The workflow is entirely **Python‐based** (using `pandas`, `numpy`, and `matplotlib`) so you can extend it freely.  
Feel free to plug in additional steps such as geospatial mapping or machine‑learning models once the data is loaded.


In [1]:
!pip install pandas numpy matplotlib





[notice] A new release of pip is available: 23.1.2 -> 25.1.1
[notice] To update, run: python.exe -m pip install --upgrade pip


In [2]:
import os
import glob
from pathlib import Path
import pandas as pd
import numpy as np
import matplotlib.pyplot as plt
%matplotlib inline

In [5]:
# 👉 Update `folder_path` if you moved the data
folder_path = r"C:\Users\harsh gangavane\OneDrive\Documents\internship_coll[1]\internship coll\uber_data"

csv_files = glob.glob(os.path.join(folder_path, "*.csv"))
if not csv_files:
    raise FileNotFoundError(f"No CSV files found in {folder_path!r}. Make sure the path is correct and contains .csv files.")

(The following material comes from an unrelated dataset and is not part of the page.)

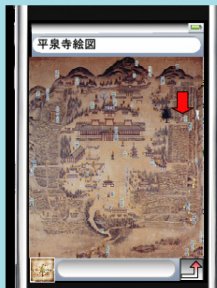
平泉寺の絵図に自分の位置↓を表示

表紙の写真のような最先端の機器を用いて平泉寺を調査し、その成果を来訪者の案内に利用していく計画です。たとえば、スマートフォン、携帯端末などを使って、平泉寺を訪れた人それぞれの興味関心に沿って、平泉寺の歴史を楽しみながら歩ける新しい史跡案内を考えています。

print(f"Found {len(csv_files)} CSV file(s):")
for f in csv_files:
    print(Path(f).name)

# Concatenate all CSVs into a single DataFrame (change encoding if needed)
df = pd.concat((pd.read_csv(f, encoding='latin1') for f in csv_files), ignore_index=True)
print(f"\nCombined shape: {df.shape}")

FileNotFoundError: No CSV files found in 'C:\\Users\\harsh gangavane\\OneDrive\\Documents\\internship_coll[1]\\internship coll\\uber_data'. Make sure the path is correct and contains .csv files.

## Quick Glance at the Data

In [None]:
df.head()

In [None]:
df.info()

In [None]:
df.describe(include='all').T

## Missing Values per Column

In [None]:
df.isna().sum().sort_values(ascending=False)

## Datetime Parsing
Most Uber trip datasets contain a pickup timestamp such as `Pickup_datetime` or `date/time`. Update the column name below if yours differs.

In [None]:
# Replace 'Pickup_datetime' with your actual column name
datetime_col = 'Pickup_datetime'
if datetime_col not in df.columns:
    raise KeyError(f"{datetime_col} column not found. Please replace it with the correct column name.")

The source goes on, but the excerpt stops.